Concepts. Goals are the aim of an action or behavior. Goals can be set for any verifiable or measurable outcome. Locke's basic assumption is that goals are immediate regulators of human action. An individual synthesizes direction, effort, and persistence to accomplish goals. To maximize goal setting, specific and challenging goals are set to focus action and effort over time to accomplish tasks. From 1968 to 1980, 90% of the studies showed that specific, well defined, and challenging goals led to greater improved performance than vague and easy goals. Individuals must commit to set goals to produce results; the more difficult (challenging yet reasonable) the goal, the better the individual will perform. Individuals need management support (feedback, reward mechanisms, and required resources [time, training, and material goods]) to maximize performance when applying goal setting.

Applying Goal Setting. Locke (1984) suggests seven steps to follow to optimize goal setting:

  1. Specify objectives or tasks to be done. 2. Specify how performance will be measured.

  1. Specify the standard to be reached. 4. Specify the time frame involved.

  1. Prioritize goals. 6. Rate goals as to difficulty and importance.

  1. Determine the coordination requirements.

Managers must ensure set goals do not conflict with each other or conflict with organizational goals. For groups, every group member should have verifiable specific goals, as well as, an over all group goal to counter social loafing. Smaller groups (3-8) are more effective than larger ones.

Potential Dangers. Excessive risk taking, excessive competition, goal failure can deter confidence, and create unwanted stress.

Integration of Other Motivational Theories.
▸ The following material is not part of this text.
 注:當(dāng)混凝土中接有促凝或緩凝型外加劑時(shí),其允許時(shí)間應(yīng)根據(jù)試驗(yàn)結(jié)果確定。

Although goal setting is a principle attribute of many motivational and performance theories, recent research focuses on Locus of Control influences and Expectancy Theory relationships.
Locus of Control - internalizers tend to have better performance than externalizers (Locke, Shaw, Saari & Latham 1981).
Expectancy Theory - goal setting is negatively related to valence (setting low goals did not satisfy individuals as well as high level goals) and instrumentality is positively related to goal setting (difficult goals gives the individual a greater sense of achievement, self-efficacy, and skill improvement than easy goals) (Mento, Locke & Klein 1992).
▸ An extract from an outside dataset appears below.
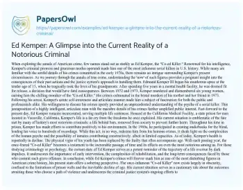 Ed Kemper: A Glimpse into the Current Reality of a Notorious Criminal. (2023, Oct 10). Retrieved from https://hub.papersowl.com/examples/ed-kemper-a-glimpse-into-the-current-reality-of-a-notorious-criminal/

Works Cited and Reference List

Ivancevich, J. M. & Matteson, M.T. (1993), Organizational Behavior and Management. Burr Ridge, IL: Richard D. Irwin, Inc.

Latham, G. P., & Locke, E.A. (1979), "Goal-setting: A motivational technique that works", Organizational Dynamics, 8(2): 68-80.
Locke, E. A. (1968), "Toward a theory of task motivation and incentives", Organizational Behavior and Human Performance, May: 157 - 189.
Locke, E. A., Shaw, K. N., Saari, L. M., & Latham, G. P. (1981), "Goal setting and task performance: 1969 - 1980", Psychological Bulletin, 90(1), 125 - 152.
Locke, E. A. & Latham, G. P. (1984), Goal Setting, A Motivational Technique That Works!. Englewood Cliffs, NJ: Prentice-Hall, Inc.
Locke, E. A. (1986), Generalizing From Laboratory to Field Settings. Lexington, MA: Lexington Books.
Locke, E. A., Gist, M. E., & Taylor, M. S. (1987), "Organizational behavior: group structure, process, and effectiveness", Journal of Management. 13(2), 237 - 257.
Locke, E. A. & Chesney, A. A. (1991), "Relationships among goal difficulty, business strategies, and performance on a complex management simulation task", The Academy of Management Journal, 34(2), 400 - 424.

Mento, A. J., Locke, E. A. & Klein, H. J. (1992), "Relationship of goal level to valence and instrumentality", Journal of Applied Psychology, 77(4), August, 395 - 405.